Two people are pulling a boat through the water as in Figure P4.20. Each exerts a force of 600 N directed at a θ = 45.0° angle relative to the forward motion of the boat. If the boat moves with constant velocity, find the resistive force vector F exerted by the water on the boat.
1040 N
Well, speaking of boats, did you know that sailors invented sails because they couldn't figure out how to attach a giant treadmill to their ships? It turns out, boats just aren't very good at running.
Now, back to your question. To find the resistive force exerted by the water on the boat, we need to consider the forces acting on the boat. We have two components of force pulling it forward – let's call them F1 and F2.

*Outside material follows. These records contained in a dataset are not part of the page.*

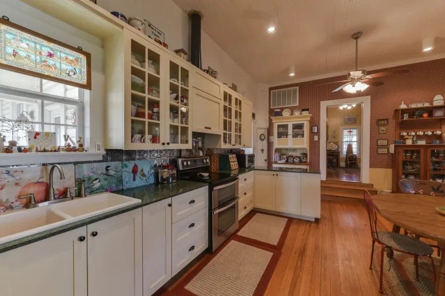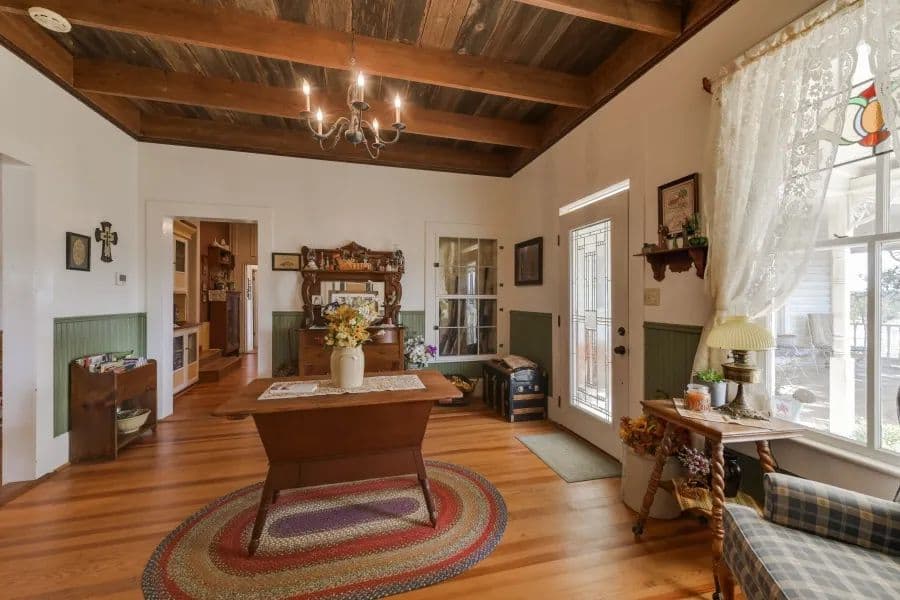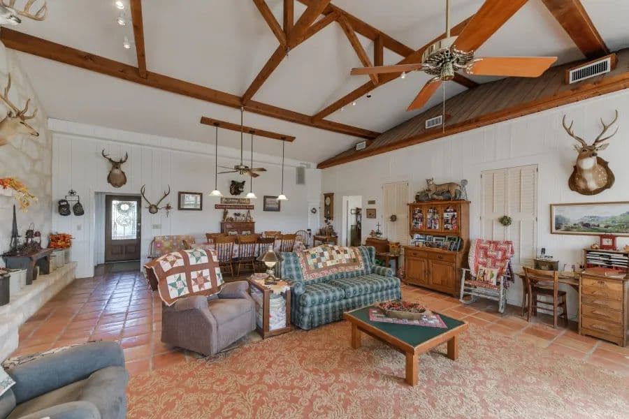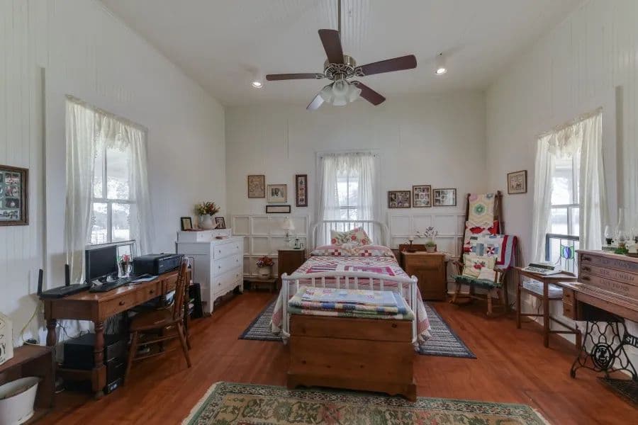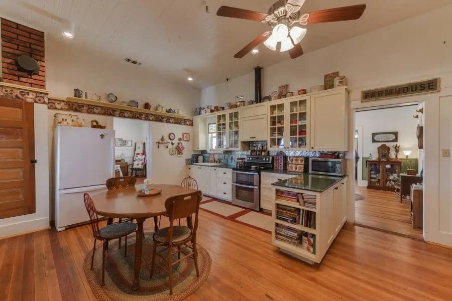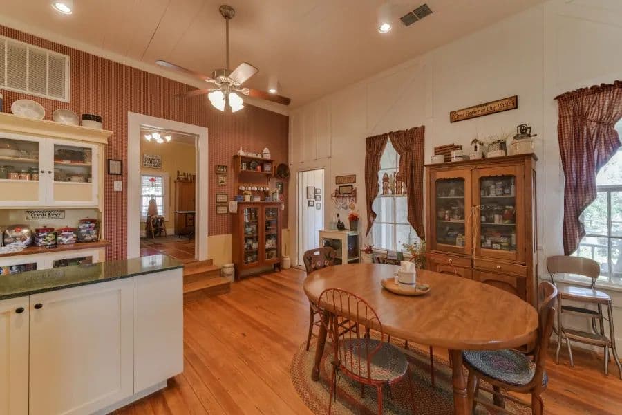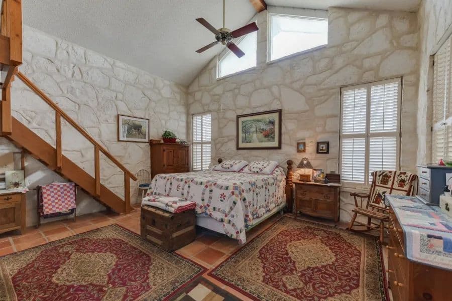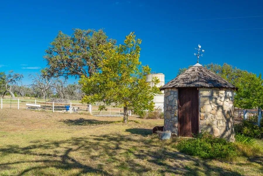 The Jennings Ranch is located on Old Comfort Road in Comfort, Texas. The 80 acres has over 1,900 feet of paved County road frontage and over 1,100 feet of Holiday Creek lining the southern perimeter of the ranch. There are two large stock tanks and the pastures are cross-fenced. The beautiful Farm House was originally built in the early 1900’s. It features long leaf pine floors and hand pressed Saltillo tile. Beaded wood throughout the home adds a taste of simpler times with quality craftsmanship and design. There is a large rock fireplace in the family living area, a fireplace in the master bedroom and Ben Franklin wood stove in the front bedroom. A large open Kitchen with high ceilings and updated appliances. An enclosed Sun Room off the kitchen provides plant protection and easy access. From the hand dug wishing well to the rock smokehouse and native stone well house the ranch provides comfort and historic beauty. A large Equipment/Hay barn, workshop with office/kitchen/bathroom. The land is cross-fenced into manageable livestock pastures for ease of movement with two large stock tanks providing water resources for wildlife.
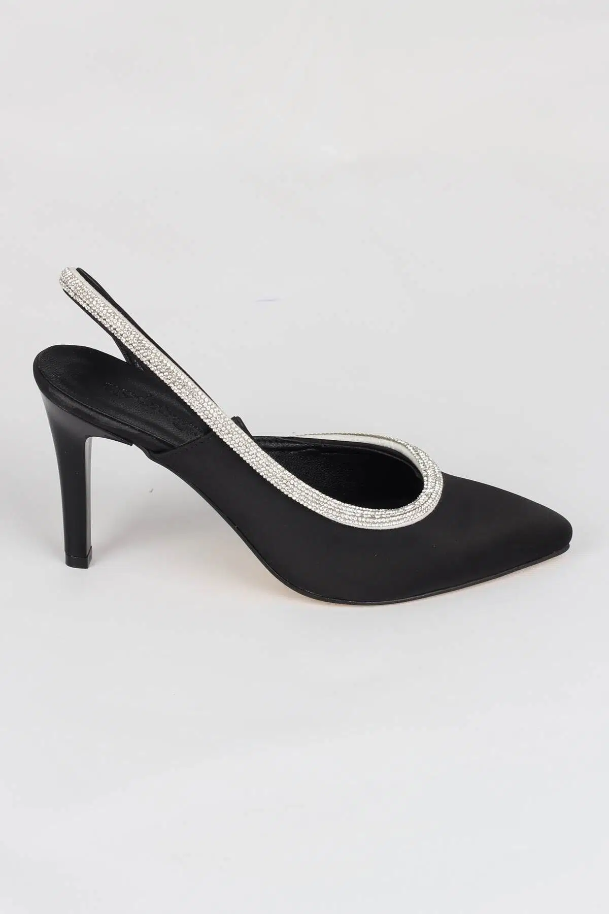 Gümüş Taşlı Siyah Saten Stiletto Topuklu Ayakkabı - Sial
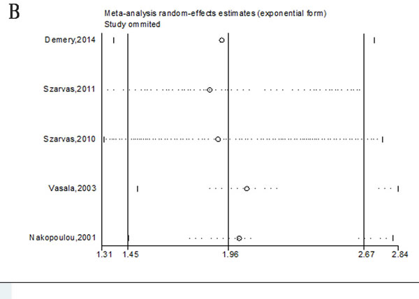 Figure 9: Meta-analysis of OS following exclusion of data from Vasala et al. (2008). A. Forest plots analysis of OS; B. Sensitivity analysis to confirmation of results’ stability; C. Publication bias to the evaluation of studies’ symmetry.
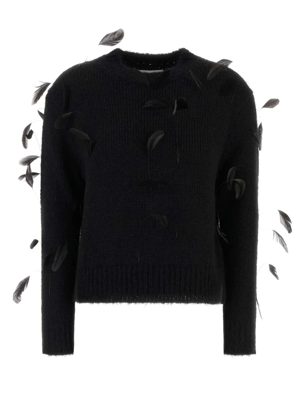 feather-detail sweater Highlights - Black - Feather embellishment - Round neck - Long sleeves Made in Italy Composition Alpaca 81%, Wool 16%, Polyester 3% Washing instructions Read Manufacturer Guidelines
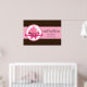 © 2014 Socialite Designs. Elegant poster design incorporating a cupcake with pink icing inside a round lace design. Your text goes into a pink and white banner with a scalloped lace-look edge. A pink ribbon adds a touch of elegance to the design. The background has a a brown damask pattern.
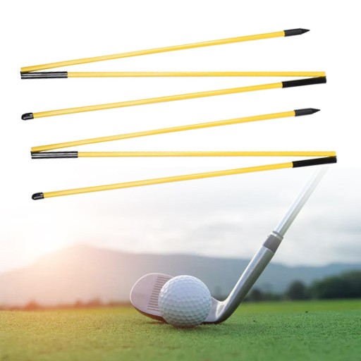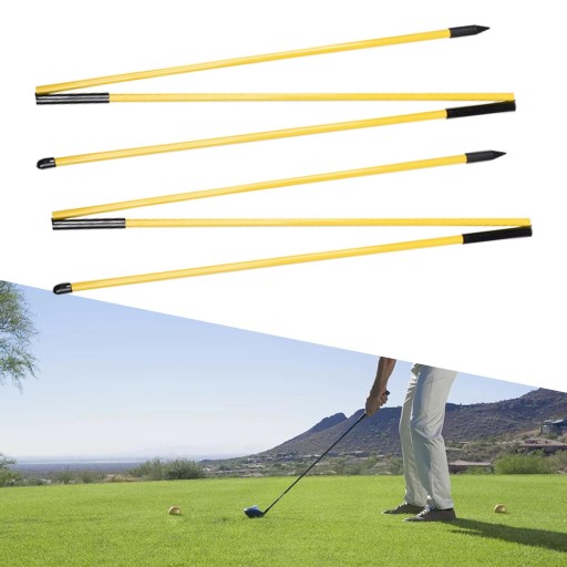 [PRAKTYCZNY PROJEKT]: Pręty wyrównujące do golfa mają spiczastą końcówkę do łatwego wbijania w ziemię i przygotowania do treningu mrugnięcia, ćwiczeń uderzania piłką i nie tylko, z gumowymi nakładkami na drugim końcu. Urządzenie treningowe wybierane przez profesjonalistów.

Using some trigonometry (which is like the math version of burying a bone), we can find that F1 = 600 N * cos(45.0°) and F2 = 600 N * cos(45.0°) as well. This is because the force vectors are at the same angle relative to the forward motion of the boat.
Now, since the boat is moving with a constant velocity, the resistive force must be equal in magnitude and opposite in direction to the sum of F1 and F2. So, F = - (F1 + F2).
But be careful! Make sure to consider the direction of F1 and F2. Since they are directed at an angle of 45.0° relative to the forward motion of the boat, the resistive force will have to be in the opposite direction. So, F should be directed at an angle of -45.0°.
I hope that clarifies things for you! And remember, resistive forces from the water are a lot like those daily emails about special offers – they're always pulling you back.
To find the resistive force exerted by the water on the boat, we first need to analyze the forces acting on the boat. In this scenario, there are two forces - the force from each person pulling the boat, and the resistive force from the water.
Let's break down the forces acting on the boat:
1. The force exerted by the first person: 600 N at an angle of 45.0° relative to the forward motion of the boat.
2. The force exerted by the second person: 600 N at an angle of 45.0° relative to the forward motion of the boat.
3. The resistive force exerted by the water: This is the force we need to find.
Since the boat is moving with a constant velocity, we can conclude that the net force acting on the boat is zero. This means that the vector sum of the forces exerted by the two people must be equal in magnitude and opposite in direction to the resistive force exerted by the water:
F1 + F2 + F = 0
Let's break down these forces into their x and y components:
Force exerted by the first person (F1):
Fx1 = F1 * cos(45.0°)
Fy1 = F1 * sin(45.0°)
Force exerted by the second person (F2):
Fx2 = F2 * cos(45.0°)
Fy2 = F2 * sin(45.0°)
Resistive force exerted by the water (F):
Fx = F * cos(A)
Fy = F * sin(A)
Where A is the angle between the resistive force and the forward motion of the boat.
Setting up the equations:
Fx1 + Fx2 + Fx = 0
Fy1 + Fy2 + Fy = 0
Substituting the known values:
600 * cos(45.0°) + 600 * cos(45.0°) + F * cos(A) = 0
600 * sin(45.0°) + 600 * sin(45.0°) + F * sin(A) = 0
Now we can solve these equations to find the values of F and A:
1. Solve the first equation for F:
F * cos(A) = -600 * cos(45.0°) - 600 * cos(45.0°)
F * cos(A) = -1200 * cos(45.0°)
F = -1200 * cos(45.0°) / cos(A)
2. Substitute F into the second equation:
-1200 * sin(45.0°) / cos(A) * sin(A) + 600 * sin(45.0°) + 600 * sin(45.0°) = 0
Now we can solve this equation to find A. Once we know A, we can substitute it back into the first equation to find F.
Well the force in the direction of motion each pulls with it 600cos45
so the pulling force is 2*600*cos45.
If the boat is not accelerating, the friction force should be equal to that.